Diversification Opportunities for Amazon and Segall Bryant

0.89
  Correlation Coefficient

Very poor diversification

The 3 months correlation between Amazon and Segall is 0.89. Overlapping area represents the amount of risk that can be diversified away by holding Amazon Inc and Segall Bryant Hamill in the same portfolio, assuming nothing else is changed. The correlation between historical prices or returns on Segall Bryant Hamill and Amazon is a relative statistical measure of the degree to which these equity instruments tend to move together. The correlation coefficient measures the extent to which returns on Amazon Inc are associated (or correlated) with Segall Bryant. Values of the correlation coefficient range from -1 to +1, where. The correlation of zero (0) is possible when the price movement of Segall Bryant Hamill has no effect on the direction of Amazon i.e., Amazon and Segall Bryant go up and down completely randomly.

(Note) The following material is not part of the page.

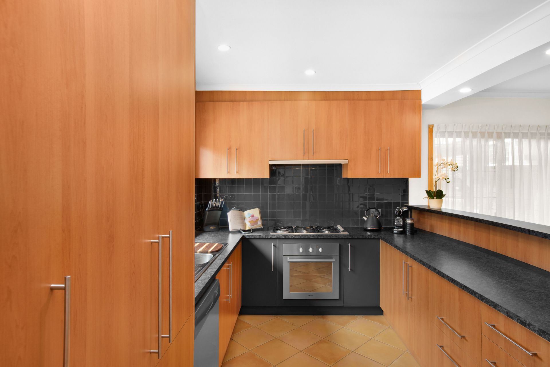 Spacious kitchen, including stainless steel appliances.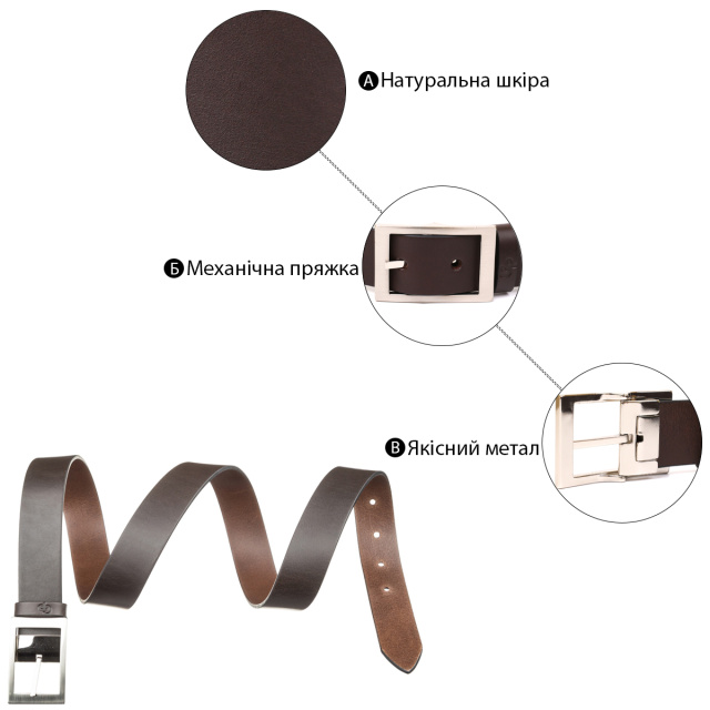 Великолепный мужской ремень изготовлен из высококачественной натуральной итальянской кожи. Роскошный внешний вид ему придает коричневый цвет и строгий, сдержанный дизайн. Современный высококлассный аксессуар для стильных и ярких мужчин. Производитель, использует исключительно импортную фурнитуру, которая не темнеет, не царапается и не вызывает аллергии.

Pair Corralation between Amazon and Segall Bryant

Given the investment horizon of 90 days Amazon Inc is expected to generate 2.65 times more return on investment than Segall Bryant. However, Amazon is 2.65 times more volatile than Segall Bryant Hamill. It trades about 0.19 of its potential returns per unit of risk. Segall Bryant Hamill is currently generating about 0.17 per unit of risk. If you would invest  17,789  in Amazon Inc on September 5, 2024 and sell it today you would earn a total of  4,027  from holding Amazon Inc or generate 22.64% return on investment over 90 days.
Time Period3 Months [change]
DirectionMoves Together 
StrengthStrong
Accuracy100.0%
ValuesDaily Returns

Amazon Inc  vs.  Segall Bryant Hamill

 Performance 
       Timeline  
Amazon Inc 

Risk-Adjusted Performance

14 of 100

 
Weak
 
Strong
Good
Compared to the overall equity markets, risk-adjusted returns on investments in Amazon Inc are ranked lower than 14 (%) of all global equities and portfolios over the last 90 days. In spite of very unsteady basic indicators, Amazon displayed solid returns over the last few months and may actually be approaching a breakup point.
Segall Bryant Hamill 

Risk-Adjusted Performance

13 of 100

 
Weak
 
Strong
Good
Compared to the overall equity markets, risk-adjusted returns on investments in Segall Bryant Hamill are ranked lower than 13 (%) of all funds and portfolios of funds over the last 90 days. In spite of fairly weak basic indicators, Segall Bryant may actually be approaching a critical reversion point that can send shares even higher in January 2025.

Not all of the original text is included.